Я сказал, что одна ночь мне особенно памятна.
— Какая именно?
Но я-то знал, что она тоже помнит.
За день до начала рождественских каникул на последнем курсе мы возвращались из библиотеки, оба нагруженные книгами, и тут она остановилась, села на ледяную скамью и попросила меня сесть рядом. Я понятия не имел, что у нее на уме, но сообразил, что этого момента она ждет уже давно и вот наконец он настал. Я сел, изрядно нервничая. Слова ее помню в точности: «Поцелуй меня, пожалуйста». Времени осмыслить или даже подготовиться она мне не дала, тут же поцеловала меня в губы, язык ее скользнул внутрь. А потом — это: «Дай попробовать твою слюну». Я поцеловал ее с той же страстью, что и она меня, под конец даже с большей страстью, потому что отпустил тормоза, думать было некогда, и я был этому только рад. Пусть попробует мою слюну, вот о чем я думал.
Я проводил ее до общежития, она открыла дверь, сказала, что соседки уже спят, и я не успел опомниться, а мы уже опять вовсю целовались в коридоре. Она успела переспать со всеми, кого я знал, однако со мной времени проводила больше, чем с ними со всеми вместе взятыми. Не выпуская моей руки, она завела меня к себе в комнату. Я поцеловал ее на диване, уже запустил руку ей под свитер и почувствовал запах ее ключицы, но тут без всякого предупреждения что-то переменилось. Может быть — свет в туалете, или приглушенный смех где-то в их блоке, или, кто знает, я что-то сделал не так, или не прошел бог ведает какое испытание, но я почувствовал, как она одеревенела. А потом произнесла: «Подумай, может, тебе лучше уйти до того, как они проснутся», — как будто то, что мы собирались сделать, могло расстроить хоть нас, хоть других, и бодрствующих, и спящих. Я ничего не сказал. Я вышел из здания, пересек, шагая назад к библиотеке, пустой двор с мерцающими рождественскими огоньками, пытаясь, без всякого толку, понять, что заставило ее так внезапно передумать.
На следующий день мы разъехались на каникулы. Через месяц, по возвращении, вели себя как чужие. Изо всех сил избегали друг друга.

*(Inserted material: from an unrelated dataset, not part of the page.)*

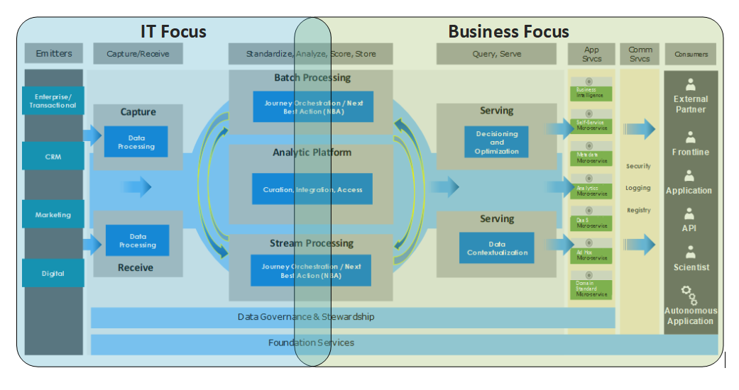 So how do we get there from here? We have Legacy Integrated Data that has been labelled too slow and too restrictive and Modern Data Lakes that commonly suffer from curation, security, usability and data duplication issues. The answer is looking at the problem from right to left, instead of left to right. IT is concerned with data management (the left side of the equation). And correctly so. Data management is the domain of tools, security and process. And the business is concerned with analytics and getting value from an organization’s data (the right side of the equation).
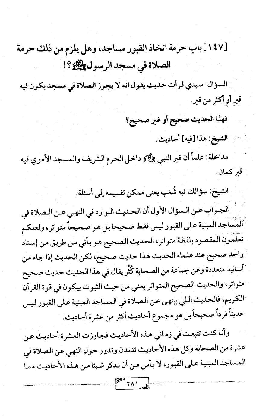 الجواب عن السؤال الأول أن الحديث الوارد في النهي عن الصلاة في المساجد المبنية على القبور ليس فقط صحيحا بل هو صحيحاً متواتر, ولعلكم تعلمون المقصود بلفظة متواتر, الحديث الصحيح هو يأتي من طريق من إسناد واحد صحيح عند علماء الحديث هذا حديث صحيح, لكن الحديث إذا جاء من أسانيد متعددة وعن جماعة من الصحابة كُثُر يقال في هذا الحديث حديث صحيح متواتر, والحديث الصحيح المتواتر يعني من حيث الثبوت بيكون في قوة القرآن الكريم, فالحديث اللي بينهى عن الصلاة في المساجد المبنية على القبور ليس حديثاً فرداً صحيحاً بل هو مجموع أحاديث أكثر من عشرة أحاديث.

Так прошел еще месяц. «Ты тогда ходил таким угрюмым», — сказала она.
Теперь ее подначки меня не смущали. Люблю, когда меня подначивают. Прожив много лет в реальном мире, я до определенной степени избавился от нерешительности, мои страхи и сомнения поунялись, я перестал бояться рисков: обожгусь так обожгусь.
Я не стал ей говорить, что больше полугода оправлялся от той длившейся две ночи истории четырехгодичной давности.
Мы обменялись адресами электронной почты, причем оба прекрасно сознавали, что ни один не намерен писать ни строчки. С вечеринки мы пока, однако, не уходили. Кончилось тем, что я пошел ее провожать. Те же шесть-семь кварталов, тот же студеный проход по заснеженной Ривингтон-стрит, те же колебания у порога в глухой предутренний час. Даже сильнее, чем воспроизведение событий прошлой нашей встречи, меня поразило, с какой гладкостью и простотой одно влекло за собой другое, как будто и мои, и ее колебания были отрепетированы ради стороннего зрителя, который идет за нами по пятам, дабы напомнить, что, в соответствии с древней поговоркой, ни один нормальный человек не станет рассчитывать дважды войти в одну реку.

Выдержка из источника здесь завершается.